Lucius succéda à Cornélius sur la chaire de saint Pierre (253). Il fut moissonné par le glaive du martyre, et s'en vint reposer en la compagnie de ses prédécesseurs dans la crypte papale. Son marbre est aussi du nombre de ceux qu'a retrouvés M. de Rossi.
Nous n'avons point conservé l'épitaphe d'Etienne qui succéda à Lucius (254), et fut comme lui déposé, après son martyre, dans l'hypogée des papes. Sixte II, successeur d'Etienne (257), a laissé une mémoire plus imposante que les autres pontifes qui sont venus, depuis Zéphyrin, reposer dans ce cimetière. Il eut la gloire de lui donner son nom, et c'est ainsi que cette région est si souvent appelée Ad sanctum Xystum, Ad sanctum Systam ou Sustum. La grandeur du martyre de Sixte avait ému les peuples, et un témoignage unique aux catacombes, celui d'une chaire de marbre teinte du sang pontifical, contribuait à maintenir ce sentiment d'admiration qu'attestent les nombreux graphites, tracés à l'entrée de la salle funéraire, et sur lesquels le nom de Sixte est si souvent répété avec l'accent de l'admiration et de la confiance.
L'empereur Valérien avait compris que le centre de vie pour le christianisme, à Rome, était dans les cimetières, et, le premier des princes persécuteurs de l'Eglise, il avait fini par publier un édit qui en interdisait l'accès aux fidèles. Les catacombes, n'étant plus désormais inviolables, allaient courir les plus grands dangers de la part des païens, si une active prévoyance ne faisait prendre des mesures pour en rendre impossible l'envahissement. On trouva moyen de couper les escaliers, d'obstruer les voies dans tous les quartiers importants, et de mettre par là en sûreté les trésors sacrés qui s'étaient accumulés durant deux siècles entiers dans les sanctuaires de Rome souterraine. Pour pénétrer désormais dans les cimetières, il fallut d'autres itinéraires, et des guides auraient été nécessaires aux païens s'ils avaient tenté sérieusement d'y pénétrer.
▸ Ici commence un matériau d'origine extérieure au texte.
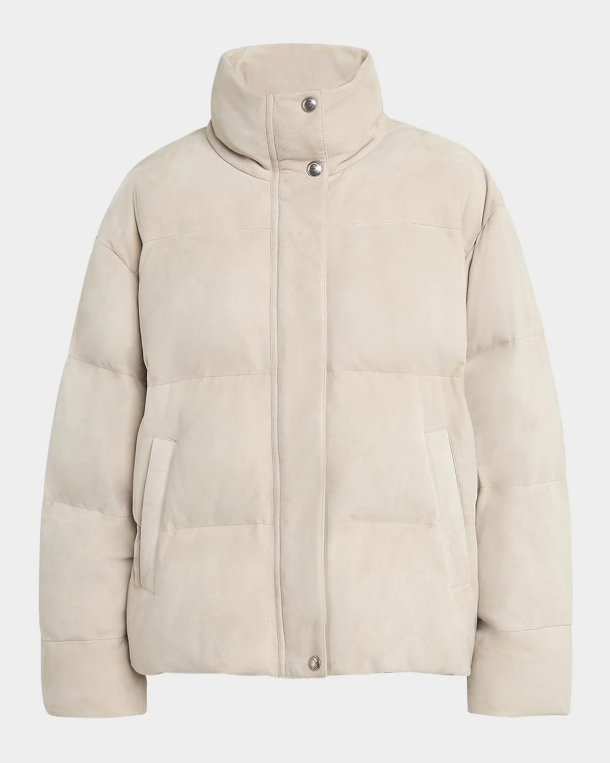 Loro Piana "Jools" puffer jacket in soft techno suede Stand collar; concealed twoway zip front Long sleeves Side welt pockets Straight fit Leather Lining: Suede/virgin wool/goat leather Fill: Polyfill Made in Italy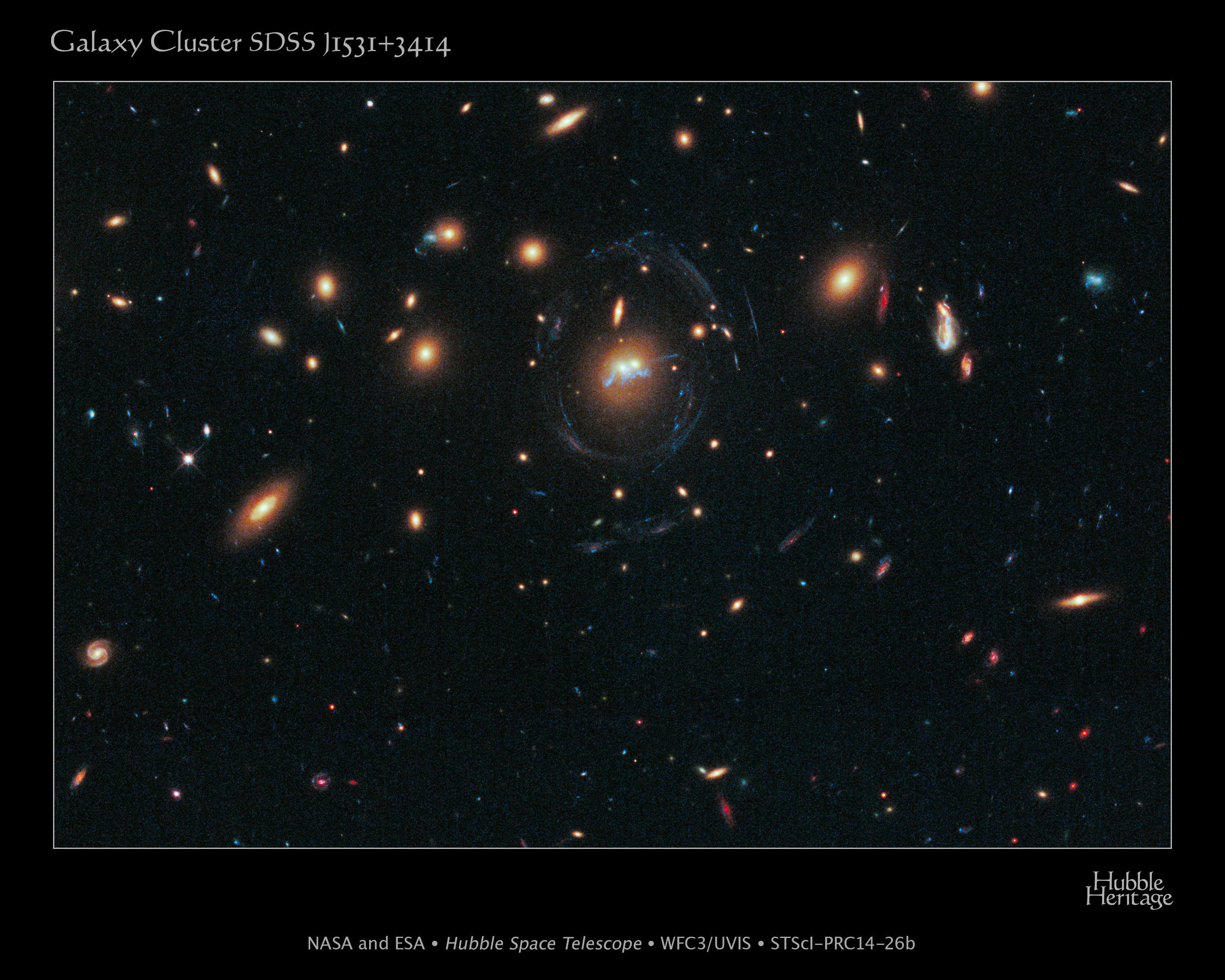 The cluster was first cataloged in the Sloan Digital Sky Survey, hence the name, SDSS J1531+3414. The sharp view of Hubble was used to image the cluster in May of 2013. The Wide Field Camera 3 instrument imaged the cluster in visible and infrared filters.

Cet état de choses dura, sauf de courts intervalles, jusqu'à la paix de l'Eglise, qui restitua à la fois aux chrétiens et les cimetières qu'ils avaient creusés sous le sol et les églises que, depuis la première moitié du troisième siècle, ils bâtissaient déjà au grand jour, particulièrement en Orient. Les édits qui interdisaient les réunions dans les cimetières ne portaient rien moins que la peine de mort contre les infracteurs ; mais certaines fonctions qu'avait à remplir le pontife l'obligeaient souvent d'enfreindre de telles prohibitions. La prudence exigeait par-dessus tout que la crypte papale fût mise hors d'atteinte ; elle fut donc interdite, au moins momentanément, par une soigneuse interception de l'entrée et des voies.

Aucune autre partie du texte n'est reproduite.